You were told to ask the scary Santa man for a present. You agreed to sit beside him. You asked him for the dolly. Where is the damn dolly?

You ask your parents: “Why me got no dolly?”

They look momentarily startled, then start laughing. This is no laughing matter. 

You eventually settled for a snowman ornament. But you’d still like a dolly. Apparently you have to wait until something called “Christmas” comes, which sounds like an awfully long time away.

Stuff you, Santa. And all your stupid, smiley elves. Useless, the lot of you!

My other favourite Christmas in New York story also focusses on the Santa visit  …

I met the real Santa once. He was at Santaland, in the Macy’s department store in New York. It had to be him – he had a real beard and everything.

At the very least, it was an extremely close relative, like a brother or a nephew or a fifth cousin once removed.

The eldest was five at the time and totally blitzed. I think that’s what convinced me he was the real deal – the eldest sensed his special aura.

Santaland was pretty awesome too. There were model trains, dancing teddy bears and singing trees to entertain the hordes as we queued to see the man in red. Americans don’t do anything by half measures.

The look on the eldest’s face when we were finally ushered into Santa’s tiny faux living room was priceless. The eldest was literally giddy with joy and raced over, climbed onto a step at his feet and whispered to him for a few moments as we cajoled the youngest to get a bit closer.

Santa made such a big deal of the eldest, they chatted like old friends. He talked about meeting the year before and asked if they’d been good in the meantime.

When it was photo time, the eldest clambered straight onto his lap and wrapped two little arms around him in adoration. 

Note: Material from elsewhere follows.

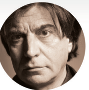
卡洛斯·法雷塔 Carlos Ferrater

I thought the eldest would be a total cynic about the Santa Claus thing. There had been lots of probing questions in the lead-up to our visit. But Real Santa was so impressive – he had chubby cheeks, twinkling eyes and a gentle manner that made you feel like he had all the time in the world to spend with you.

It was magic. 

Mind you, as is often the case with real life, Christmas itself was a bit of a disaster … although it did snow!

After spending months prepping for Christmas with my new best friend Amazon, I was blindsided at the last moment by illness.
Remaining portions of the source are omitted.